◆ Supplied information
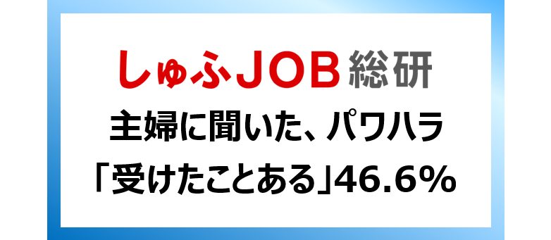 仕事と家庭の両立を希望する主婦・主夫層の実情や本音を探る調査機関『しゅふJOB総研』(運営会社:株式会社ビースタイル ホールディングス 本社:東京都新宿区、代表取締役:三原邦彦)は『ハラスメント』をテーマに主婦層を中心とする就労志向の女性にアンケート調査を行いましたので以下にご報告します。(有効回答数:684件)
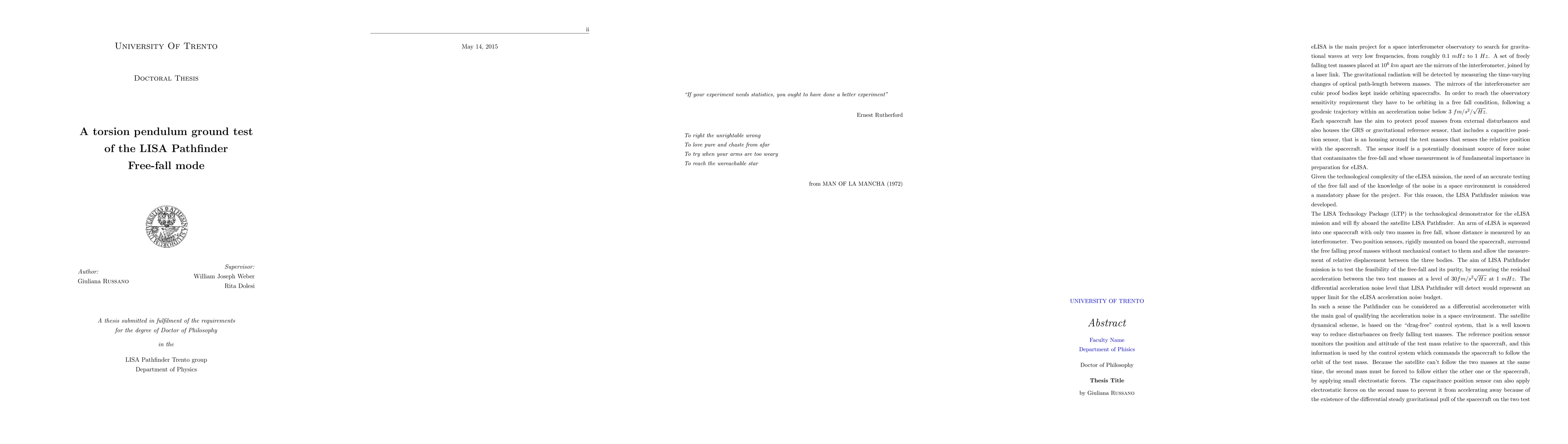 LISA Pathfinder is the technological demonstrator space mission for the future gravitational waves observatory in space eLISA, with the aim of measure the differential acceleration between free-falling test masses orbiting in the same apparatus at a level of 30 fm/s-2Hz-1/2 at 1 mHz. Because the satellite can't follow the two masses at the same time, the second mass must be forced to follow either the other one or the spacecraft. The actuation force applied to compensate this effect introduces a dominant source of force noise in the mission noise budget at frequency near and below the mHz. The free-fall mode actuation control scheme has been designed to suppress this noise source and avoid actuation instabilities: actuation is limited to brief periodic impulses, with test masses in free fall in between two kicks. This actuation-free motion is then analyzed for the remaining sources of acceleration ultra noise. A free-fall mode parallel testing has been successfully implemented on torsion pendulum facility at the University of Trento and the results of the measurement campaign are ready to be shown and discussed. The implementation of the data analysis algorithms to estimate the spectrum of the acceleration of the controlled test mass, and the estimation of system parameters such as the force gradients, stiffness terms, are also part of this work. The free-fall mode has been tested at the level of 2 fNm/Hz-1/2, at the frequencies of 1 mHz, corresponding to an acceleration of about 100 fm /s-2 Hz-1/2. The ground tests have nevertheless allowed to develop and test quantitatively this innovative method of noise reduction due to actuation noise, contributing to its development for the LISA Pathfinder mission.
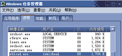 winblind 的一个特点就是占用内存非常少。但是应用主题的一刻,笔者p4机器的cpu占用率瞬间上升到100%,机器会感到明显的停顿,见下图右侧的一个CPU使用高峰。
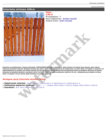 Informacje o produkcie Utworzono 08-03-2017 Sztacheta olchowa 160cm Cena : 5,90 zł er m ar k Nr katalogowy : 7 Stan magazynowy : bardzo wysoki Średnia ocena : brak recenzji Sztachety są produkowane z drewna olchowego, TARTACZNEGO(nie mylić z opałowym), które staramy się zakupić porą zimową, żeby uniknąć wykręceń przyszłych sztachet. Następnie drewno jest cięte w deski i tak odstawiamy je do leżakowania, na okres około 3-5 tygodni w zależności od zapotrzebowania na produkt, ale zawsze staramy się aby ten czas był jak naj dłuższy.Tak przygotowane deski są następnie rozcinane na gotowe elementy do produkcji sztachet o szerokości od 8,5 cm do 12 cm(na specjalne zamówienie nawet do 16 cm), i składowane pod wiatami na okres około 2-4 tygodni. Po tym okresie będą obrabiana na gotowe sztachety. at Dostępne opcje Sztacheta olchowa 160cm w » Zakończenie sztachet: Zakończenie nr.1, Zakończenie nr.2, Zakończenie nr.3, Zakończenie nr.4. » Szlifowanie papierem ściernym: --------------------, Długość 100cm-150cm (+0,62 zł), Długość 160cm-200cm (+0,86 zł). » Szerokość: 8cm, 10cm (+2,09 zł), 12cm (+3,94 zł). Wygenerowano w programie www.oscGold.com

◆ How to complete this task
Leaving every image behind, repeat the data in full and exactly.

◆ Response
 仕事と家庭の両立を希望する主婦・主夫層の実情や本音を探る調査機関『しゅふJOB総研』(運営会社:株式会社ビースタイル ホールディングス 本社:東京都新宿区、代表取締役:三原邦彦)は『ハラスメント』をテーマに主婦層を中心とする就労志向の女性にアンケート調査を行いましたので以下にご報告します。(有効回答数:684件)
 LISA Pathfinder is the technological demonstrator space mission for the future gravitational waves observatory in space eLISA, with the aim of measure the differential acceleration between free-falling test masses orbiting in the same apparatus at a level of 30 fm/s-2Hz-1/2 at 1 mHz. Because the satellite can't follow the two masses at the same time, the second mass must be forced to follow either the other one or the spacecraft. The actuation force applied to compensate this effect introduces a dominant source of force noise in the mission noise budget at frequency near and below the mHz. The free-fall mode actuation control scheme has been designed to suppress this noise source and avoid actuation instabilities: actuation is limited to brief periodic impulses, with test masses in free fall in between two kicks. This actuation-free motion is then analyzed for the remaining sources of acceleration ultra noise. A free-fall mode parallel testing has been successfully implemented on torsion pendulum facility at the University of Trento and the results of the measurement campaign are ready to be shown and discussed. The implementation of the data analysis algorithms to estimate the spectrum of the acceleration of the controlled test mass, and the estimation of system parameters such as the force gradients, stiffness terms, are also part of this work. The free-fall mode has been tested at the level of 2 fNm/Hz-1/2, at the frequencies of 1 mHz, corresponding to an acceleration of about 100 fm /s-2 Hz-1/2. The ground tests have nevertheless allowed to develop and test quantitatively this innovative method of noise reduction due to actuation noise, contributing to its development for the LISA Pathfinder mission.
 winblind 的一个特点就是占用内存非常少。但是应用主题的一刻,笔者p4机器的cpu占用率瞬间上升到100%,机器会感到明显的停顿,见下图右侧的一个CPU使用高峰。
 Informacje o produkcie Utworzono 08-03-2017 Sztacheta olchowa 160cm Cena : 5,90 zł er m ar k Nr katalogowy : 7 Stan magazynowy : bardzo wysoki Średnia ocena : brak recenzji Sztachety są produkowane z drewna olchowego, TARTACZNEGO(nie mylić z opałowym), które staramy się zakupić porą zimową, żeby uniknąć wykręceń przyszłych sztachet. Następnie drewno jest cięte w deski i tak odstawiamy je do leżakowania, na okres około 3-5 tygodni w zależności od zapotrzebowania na produkt, ale zawsze staramy się aby ten czas był jak naj dłuższy.Tak przygotowane deski są następnie rozcinane na gotowe elementy do produkcji sztachet o szerokości od 8,5 cm do 12 cm(na specjalne zamówienie nawet do 16 cm), i składowane pod wiatami na okres około 2-4 tygodni. Po tym okresie będą obrabiana na gotowe sztachety. at Dostępne opcje Sztacheta olchowa 160cm w » Zakończenie sztachet: Zakończenie nr.1, Zakończenie nr.2, Zakończenie nr.3, Zakończenie nr.4. » Szlifowanie papierem ściernym: --------------------, Długość 100cm-150cm (+0,62 zł), Długość 160cm-200cm (+0,86 zł). » Szerokość: 8cm, 10cm (+2,09 zł), 12cm (+3,94 zł). Wygenerowano w programie www.oscGold.com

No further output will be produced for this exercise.